Raw data:
- - - -
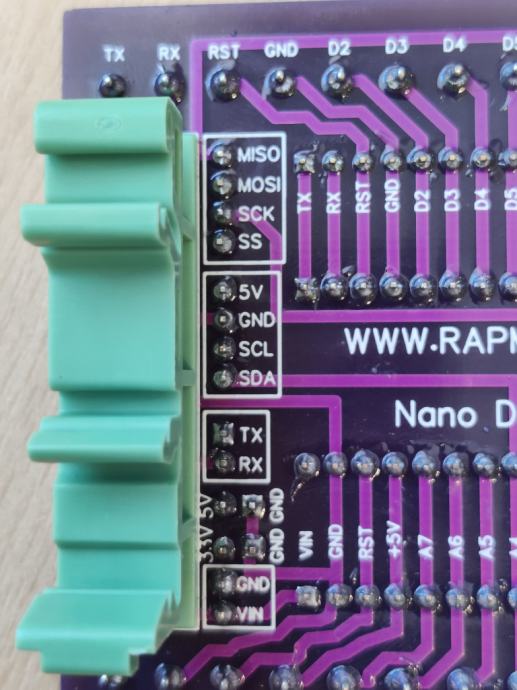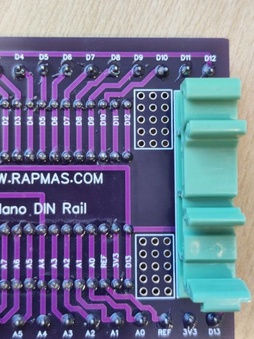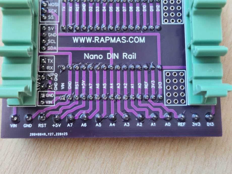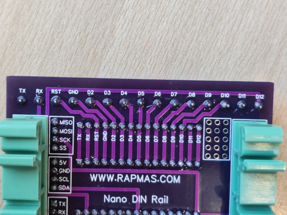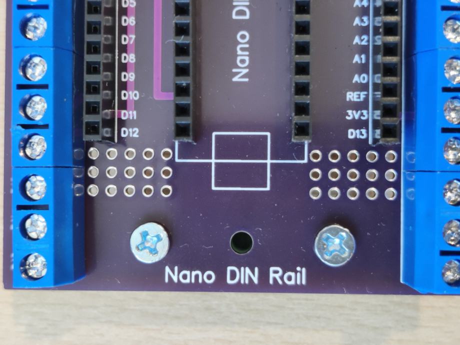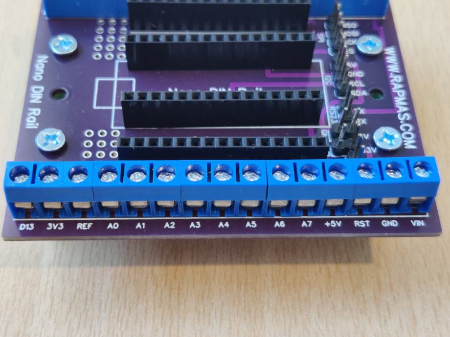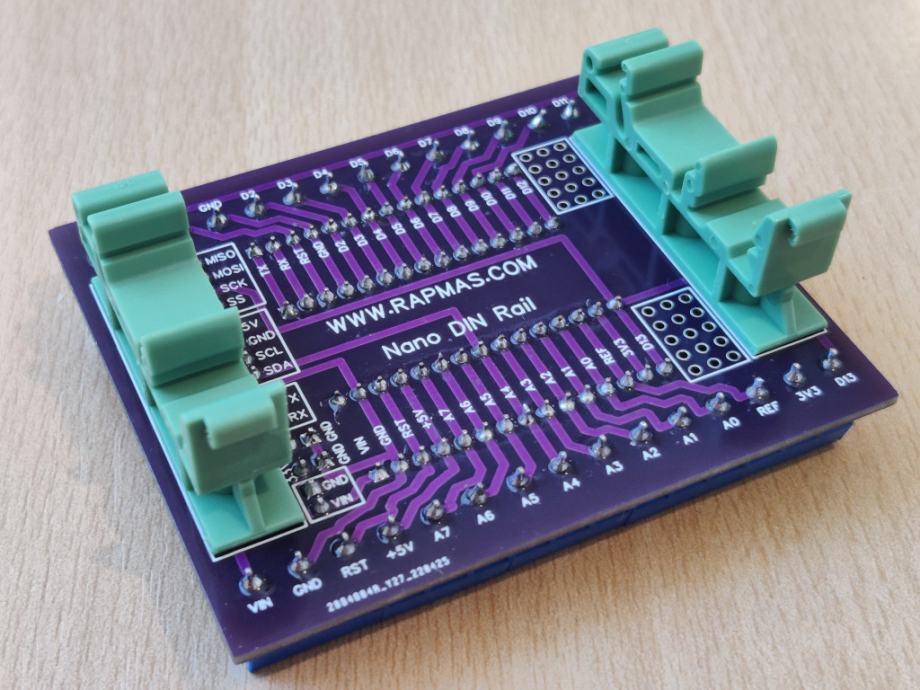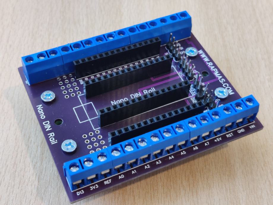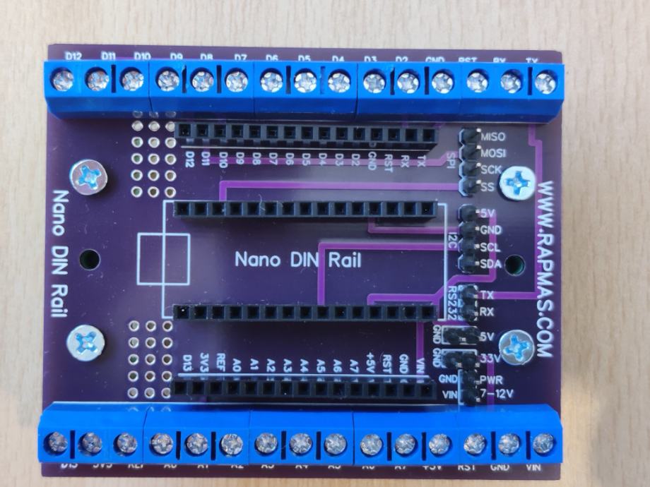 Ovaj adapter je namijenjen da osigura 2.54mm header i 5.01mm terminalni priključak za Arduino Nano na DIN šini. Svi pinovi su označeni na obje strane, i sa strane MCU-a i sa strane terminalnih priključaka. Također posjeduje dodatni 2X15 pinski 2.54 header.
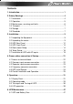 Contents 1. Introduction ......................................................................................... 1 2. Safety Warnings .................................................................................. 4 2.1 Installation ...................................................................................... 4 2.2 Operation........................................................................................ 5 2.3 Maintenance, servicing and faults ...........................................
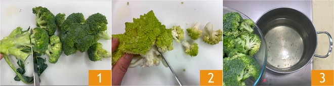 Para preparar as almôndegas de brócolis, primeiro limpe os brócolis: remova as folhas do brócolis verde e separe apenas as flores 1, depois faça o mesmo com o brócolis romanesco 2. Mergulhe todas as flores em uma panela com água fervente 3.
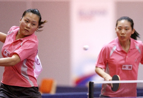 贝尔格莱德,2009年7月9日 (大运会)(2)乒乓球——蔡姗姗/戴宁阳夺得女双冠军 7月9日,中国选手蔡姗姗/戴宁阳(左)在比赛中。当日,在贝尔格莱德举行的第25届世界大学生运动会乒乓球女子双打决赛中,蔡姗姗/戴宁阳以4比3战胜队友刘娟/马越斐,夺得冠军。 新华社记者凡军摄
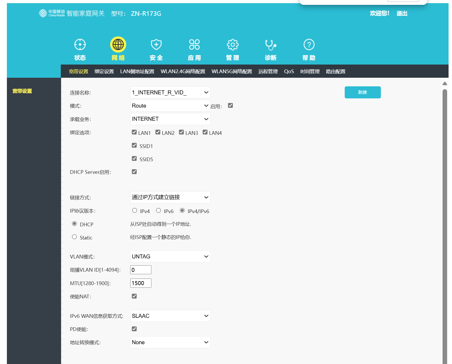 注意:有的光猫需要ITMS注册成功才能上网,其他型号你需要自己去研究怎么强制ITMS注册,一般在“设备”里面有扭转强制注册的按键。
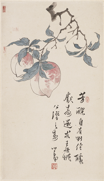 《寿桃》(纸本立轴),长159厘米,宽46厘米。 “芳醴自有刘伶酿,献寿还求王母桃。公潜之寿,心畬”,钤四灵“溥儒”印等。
- - - -
What to work on: Only the lines from the one that holds "Para preparar as" through the final line of the material should be reproduced, word for word, with the pictures omitted.

Result of the task:
 Para preparar as almôndegas de brócolis, primeiro limpe os brócolis: remova as folhas do brócolis verde e separe apenas as flores 1, depois faça o mesmo com o brócolis romanesco 2. Mergulhe todas as flores em uma panela com água fervente 3.
 贝尔格莱德,2009年7月9日 (大运会)(2)乒乓球——蔡姗姗/戴宁阳夺得女双冠军 7月9日,中国选手蔡姗姗/戴宁阳(左)在比赛中。当日,在贝尔格莱德举行的第25届世界大学生运动会乒乓球女子双打决赛中,蔡姗姗/戴宁阳以4比3战胜队友刘娟/马越斐,夺得冠军。 新华社记者凡军摄
 注意:有的光猫需要ITMS注册成功才能上网,其他型号你需要自己去研究怎么强制ITMS注册,一般在“设备”里面有扭转强制注册的按键。
 《寿桃》(纸本立轴),长159厘米,宽46厘米。 “芳醴自有刘伶酿,献寿还求王母桃。公潜之寿,心畬”,钤四灵“溥儒”印等。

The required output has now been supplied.